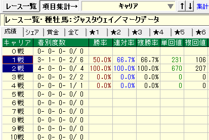 - ジャスタウェイ産駒⇒①前走着差負け0.1〜0.5②キャリア1〜2戦③今回5〜8枠
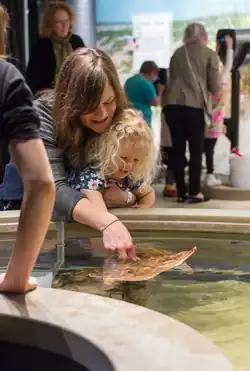 Guests can interact with animals which include little skate, Atlantic stingray, Atlantic horseshoe crab, knobbed whelk, giant Pacific octopus, and moon jelly.
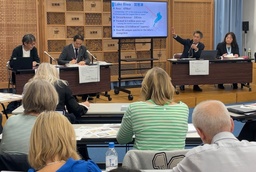 記者団から、滋賀県について「平均寿命はどうやって延びたのか」といった、寿命の延伸に関する質問が複数出ました。それぞれの質問に対して、担当者が通訳を交えて回答。平均寿命が延びていることについて、医療の発展を前提としながらも、滋賀県ではボランティア活動が盛んであることなど、県民が主体的に「健康なまちづくり」に取り組んでいることと相関関係があるのでは、という考えを示しました。
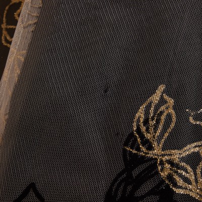 こちらのドレスに使用しているチュール生地にはゴールドグリッターとフロッキー加工が施されております。
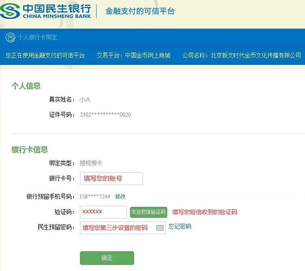 温馨提示:有极个别银行卡在绑定卡时需要向民生账户汇一笔款
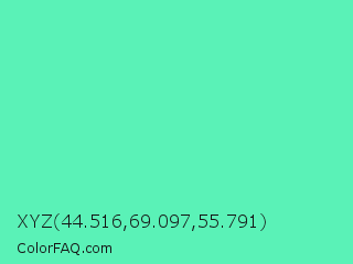 XYZ 44.516,69.097,55.791 Color is a light green color and the nearest color is Medium Aquamarine #66ddaa. Hex code #5af2b7 and RGB value is rgb(90,242,183). In RGB color space, this color is composed of 35% red, 95% green, 72% blue, In CMYK color space, this color is composed of 63% cyan, 0% magenta, 24% yellow , 5% black , In HSL color space, this color has a hue angle of 157° , 85% saturation and 65% lightness.
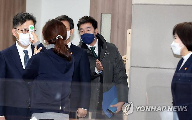 (서울=연합뉴스) 백승렬 기자 = 김현수 농림축산식품부 장관이 7일 정부서울청사 국민권익위원회를 방문, 체온을 체크하고 있다. 오른쪽 전현희 국민권익위원회 위원장. 2021.1.7
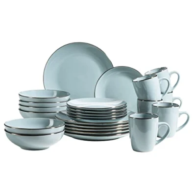 This elegant yet modern design tableware set contains 6 flat dinner plates (diameter 27 cm), 6 dessert plates (diameter 20 cm), 6 coffee mugs (400 ml capacity) and 6 multi-purpose bowls for cereal, soup and much more (diameter 18.6 cm, 700 ml) - each in light blue With rich shades, round coupe shapes without border and metallic shimmering border, the metallic rim tableware series from the Austrian traditional brand Mäser presents itself smart and elegant at the same time Durable dishwasher and microwave safe - this service set as well as the whole dinnerware series Metallic Rim is not only suitable for festive occasions, but also perfect for everyday use Made from stoneware (a high-quality shape of ceramic), this tableware set stands out from classic porcelain crockery This dinner set will be a versatile eye-catcher on your dining table
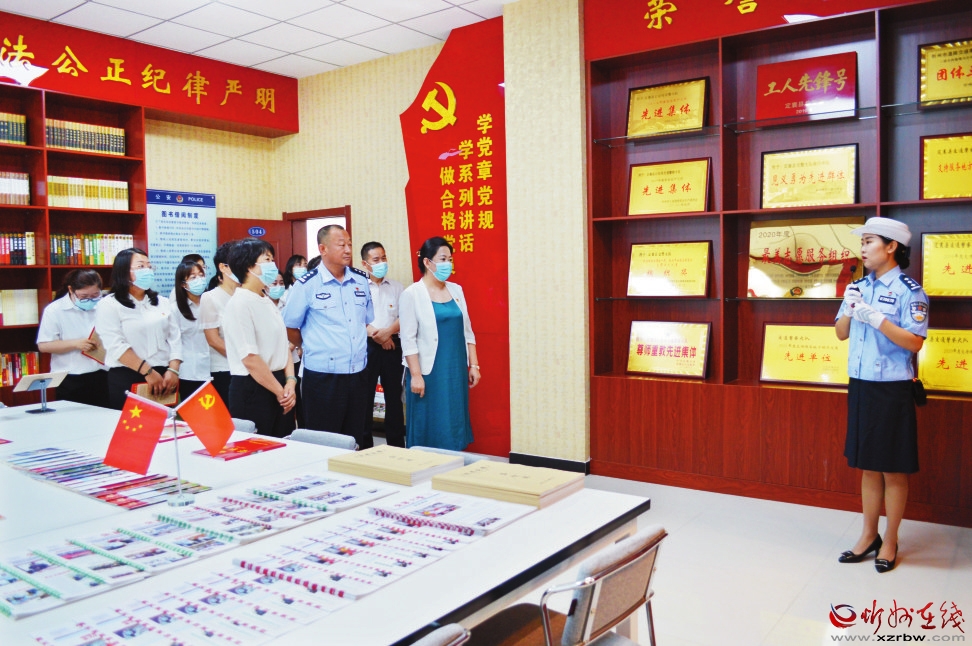 立足崗位,對標(biāo)先進(jìn)。7月1日,市婦聯(lián)黨組組織全體黨員干部前往“山西省巾幗文明崗”“省級青年文明號”等榮譽稱號獲得單位——定襄縣公安局交警大隊觀摩學(xué)習(xí)。 本報通訊員攝
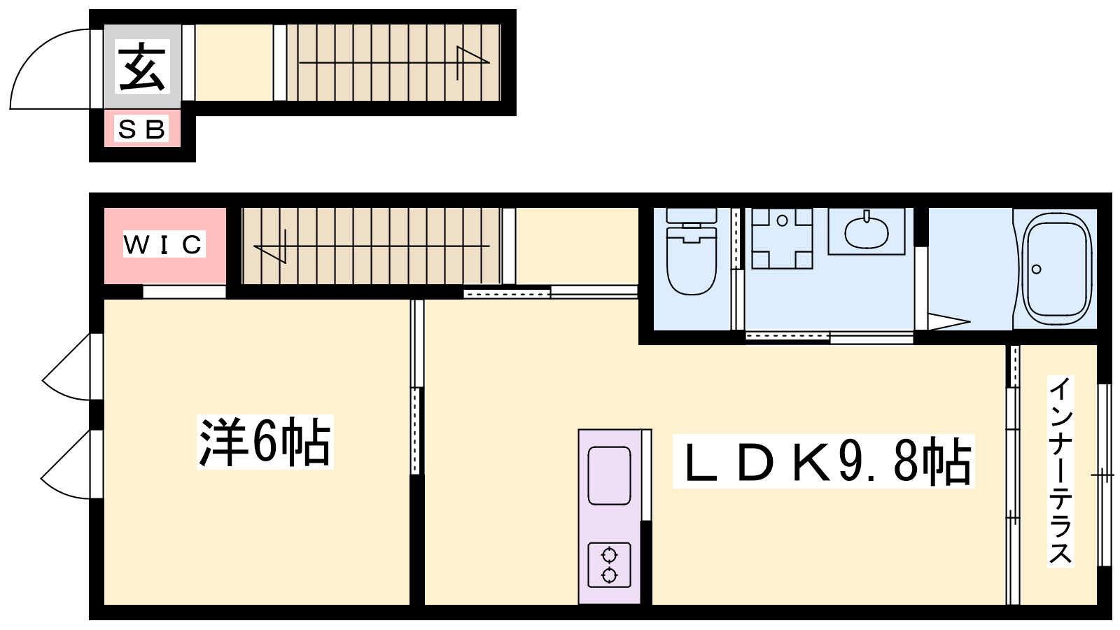 - LDK9.8帖、洋室6帖
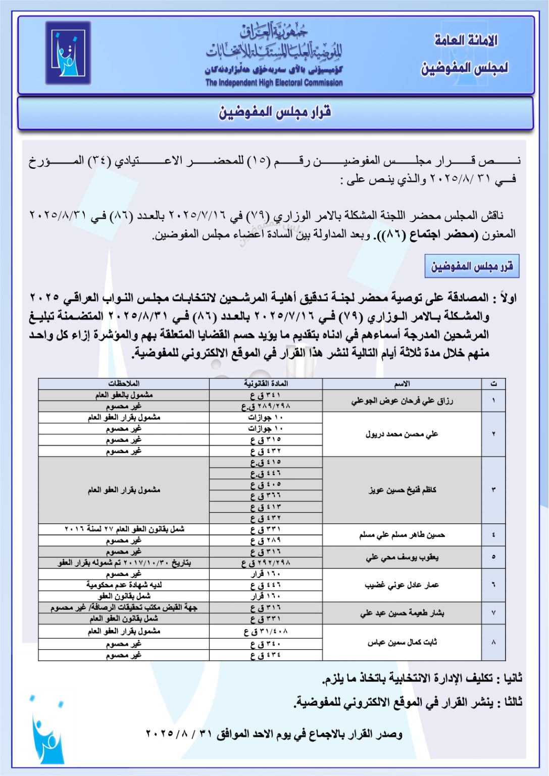 المفوضية ترسل تبليغاً إلى 8 مرشحين بتقديم ما يثبت حسم قضاياهم خلال 3 أيام (وثيقة)
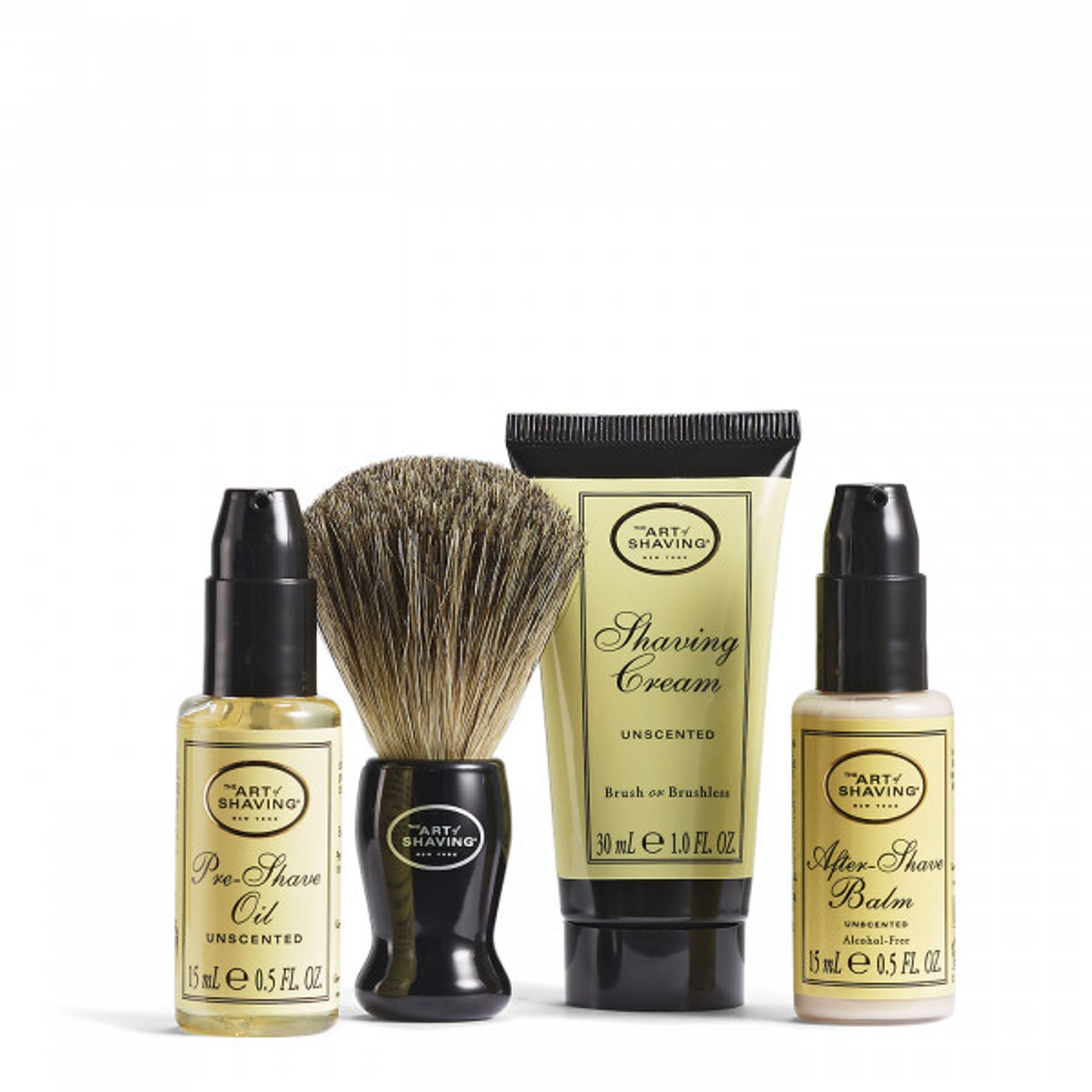 Includes: -Pre-Shave Oil (.5 fl. oz) -Shaving Cream (1 oz) -Trial Size Badger Shaving Brush -After-Shave Balm (.5 fl. oz)
===============
Both the line containing "立足崗位,對標(biāo)先" and the last line of the listing above belong in the copy, along with every line between them; retype them exactly and omit the pictures.

Task solution:
 立足崗位,對標(biāo)先進(jìn)。7月1日,市婦聯(lián)黨組組織全體黨員干部前往“山西省巾幗文明崗”“省級青年文明號”等榮譽稱號獲得單位——定襄縣公安局交警大隊觀摩學(xué)習(xí)。 本報通訊員攝
 - LDK9.8帖、洋室6帖
 المفوضية ترسل تبليغاً إلى 8 مرشحين بتقديم ما يثبت حسم قضاياهم خلال 3 أيام (وثيقة)
 Includes: -Pre-Shave Oil (.5 fl. oz) -Shaving Cream (1 oz) -Trial Size Badger Shaving Brush -After-Shave Balm (.5 fl. oz)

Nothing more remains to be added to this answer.